FROM oven/bun:latest
# bun upgrade needs unzip
RUN apt-get update && apt-get install -y --no-install-recommends unzip \
&& rm -rf /var/lib/apt/lists/*
RUN cp "$(command -v bun)" /usr/local/bin/bun-stable \
&& bun upgrade --canary \
&& cp "$(command -v bun)" /usr/local/bin/bun-canary
COPY bench.js run.sh ./
CMD ["bash", "run.sh"]
Run it:
docker build -t bun-bench . && docker run --rm bun-bench
The two tasks
Two tasks, timed one by one. No libraries. A fixed random seed, so every run does the exact same work.
CPU task — heavy math, almost no memory use. A recursive fib(30), a tight number loop, and many Math.sqrt passes over a small buffer.
function cpuTask() {
let acc = 0;
const buf = new Float64Array(4096);
for (let it = 0; it < ITERATIONS; it++) {
acc += fib(30);
let h = 2166136261 >>> 0;
for (let i = 0; i < 500000; i++) {
h ^= (i * 16777619) >>> 0;
h = (h + ((h << 13) | (h >>> 19))) >>> 0;
}
for (let pass = 0; pass < 32; pass++)
for (let i = 1; i < buf.length; i++)
buf[i] = Math.sqrt(buf[i] * buf[i - 1] + 1.0);
acc += h + buf[buf.length - 1];
}
return acc;
}
Memory task — lots of allocation. A big Float64Array, about 500K small objects kept in memory, a large Map, and a JSON round-trip. I check peak memory with process.memoryUsage().rss.
function memTask() {
const big = new Float64Array(SIZE); // SIZE = 2_000_000
const n = Math.floor(SIZE / 4);
const objs = new Array(n);
for (let i = 0; i < n; i++)
objs[i] = { id: i, v: big[i], tag: i & 7, name: "n" + (i & 1023) };
const map = new Map();
for (let i = 0; i < n; i++) map.set(i, objs[i]);
const parsed = JSON.parse(JSON.stringify(objs.slice(0, 200000)));
// ...check memory after each step, keep the highest value
}
Read the numbers with care
The memory result is clear, and I will happily take it: the Rust Bun uses 5–6% less on both tasks.
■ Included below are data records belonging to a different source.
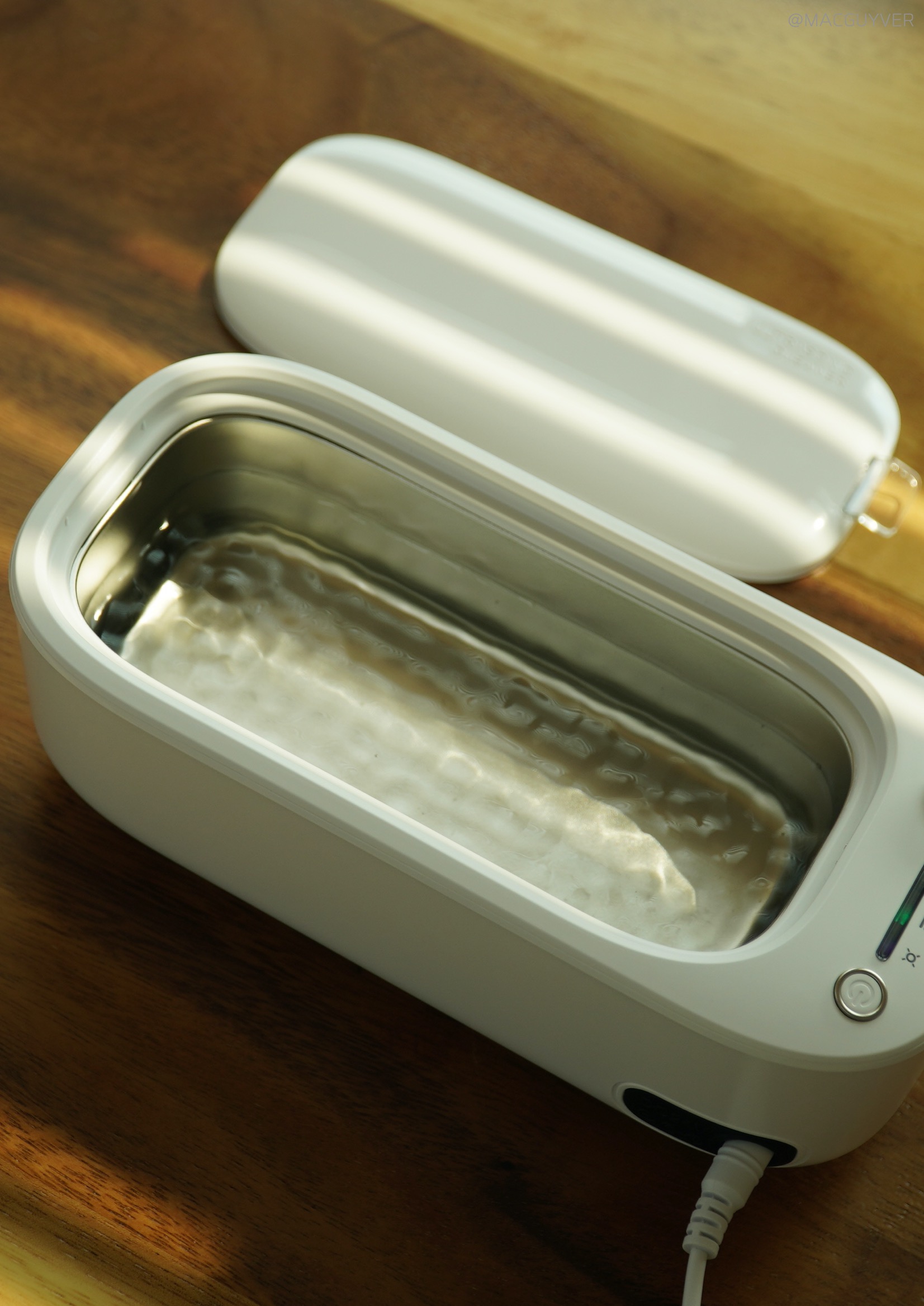 #.UV 살균기 디자인과 마감 디테일하게 디자인을 보자면, 일반 세척기처럼 너무 기능적이거나 투박하지 않고 감성적이면서 따뜻합니다. 욕조 같다는 느낌이 가장 먼저 드실 것 같은데요. 수조가 커졌다고 하지만 실제로 보기에는 엄청 큼지막한 느낌은 아닙니다. 최대 7cm x 16cm 정도의 제품을 넣을 수 있으니까 크기와 부피도 체크해보세요. 실제로 물을 담아보면 400ml 용량이지만 350ml 정도만 채워야 제품을 넣어도 물이 넘치지 않더라고요. 전체적으로 살균 초음파 세척기 생활방수 기능에 분리형 어댑터, 고무 패킹 처리까지 잘 되어서 물을 비울 때도 걱정이 없었는데요. 풀셋 초음파 세척기 하단부는 미끄럼 방지 처리가 잘 되어서 어디에 놓아도 안정적인 데다, 어댑터도 흰색이라 깔맞춤이 되니까 깨끗한 사용이 가능했습니다.
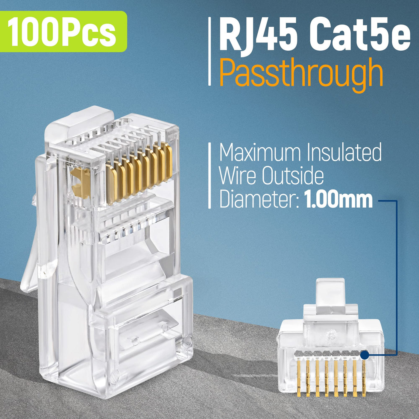 Gtz Rj45 Cat5E Pass Through Connectors Pack Of 100 Ez To Crimp Modular Plug For Solid Or Stranded Utp Network Cable Male E
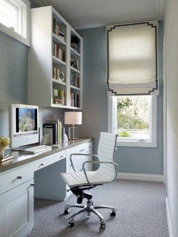 The adjoining study boasts custom cabinetry and an Eames Management Chair in white leather. The neutral Roman shade is edged in tealtape, notched at the corners, and the silver carpet is from Stark.
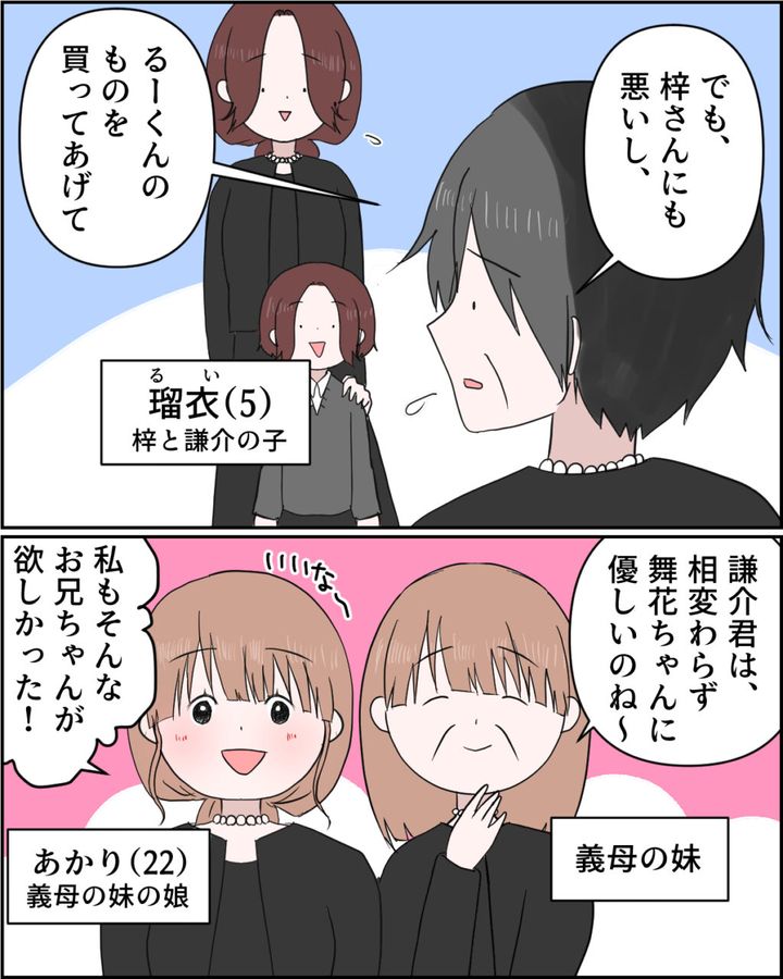 義母は私に気を遣ってくれて「るーくんのものを買ってあげて」と5歳の息子瑠衣のことを気にかけてくれました。義理の叔母と姪も、「謙介君は、相変わらず舞花ちゃんに優しいのね~」「私もそんなお兄ちゃんが欲しかった!」と口々に言うくらい、謙介は昔から舞花ちゃんに甘かったのだろうなと思います。
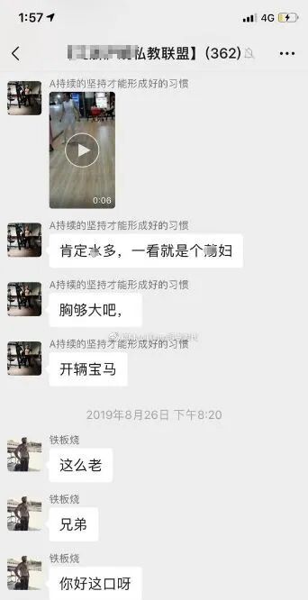 女学员在健身,男教练却在一旁偷拍,然后被公开发到群内讨论。▼
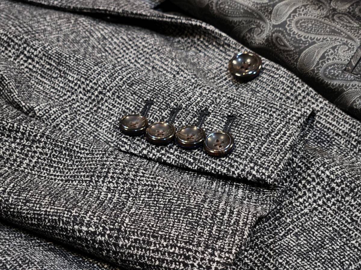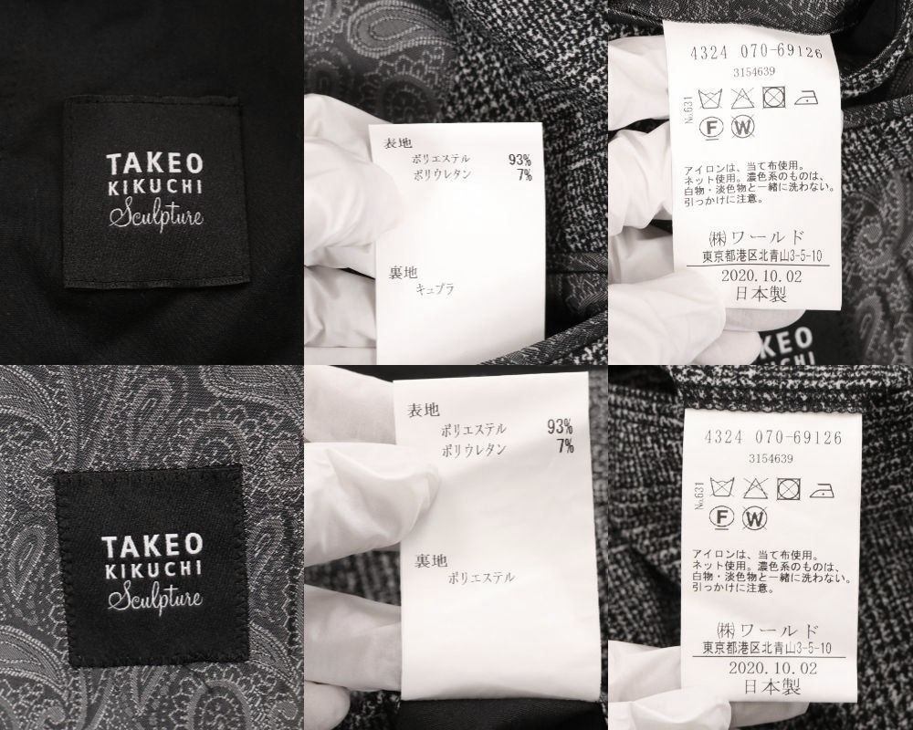 TAKEO KIKUCHIが提案する独自のパターンオーダーシステム“Sculpture”(スカルプチュア)生地感:厚め・ストレッチ季節感:冬ジャケット:シングル段返り3ボタン、袖本切羽4ボタン、サイドベンツ、外ポケット×3、内ポケット×4パンツ:ノータック、ジッパーフライ、裾ダブル4cm
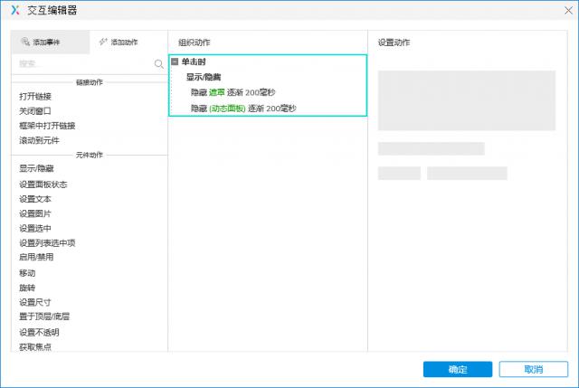 1. 选择遮盖元件,在交互窗格点击新建交互,选择点击时,“渐进” " 200 "ms隐藏遮盖 "逐渐" " 200 "ms隐藏了二次确认弹窗。
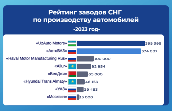 Лидеры производства автомобилей в СНГ в 2023 году:
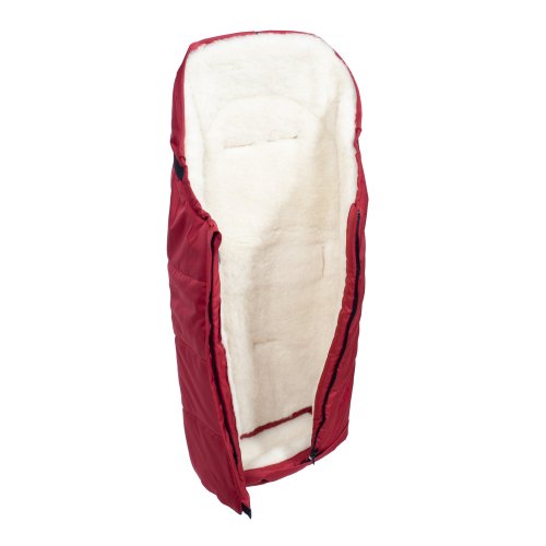Nepromokavý fusak s rozepínáním vpředu a rukávník na kočárek z ovčí vlny do nízkých teplot ve stejné barvě.

It happened in every run, not just one lucky one. Nice work, Rust.
The time result is not so clear. One Zig run of the CPU task finished in 344ms, while the others took about 500ms. That one odd run pulls the Zig average down and makes Rust look worse than it really is. Remove it, and the two are basically equal. Not the "Rust destroys Zig" headline I was hoping for.
Five runs on a warm laptop is not enough to trust a 2% gap. Other apps, heat, and garbage-collection timing all live in that range. If you care about the speed number, do more runs:
docker run --rm -e RUNS=15 bun-bench
More runs cancel out the odd ones. Even better, report the fastest run instead of the average. The fastest run is the one with the least interference from other things on the machine.
So, did Rust help?
Kind of, yes. The new Bun uses less memory and did not get slower. That is a win, just a quiet one. If you run many Bun processes at once (servers, CI, one worker per request), 5% less memory each adds up to real free space.
As a Rust lover, I wanted fireworks. I got a small, steady improvement instead. And honestly, that is a healthy rewrite. Boring is good.
Want to try it yourself? Clone the harness and run it on your own machine: github.com/zahinafsar/bun_zig-vs-bun_rust. Your numbers will differ from mine — that is exactly why it ships as a container.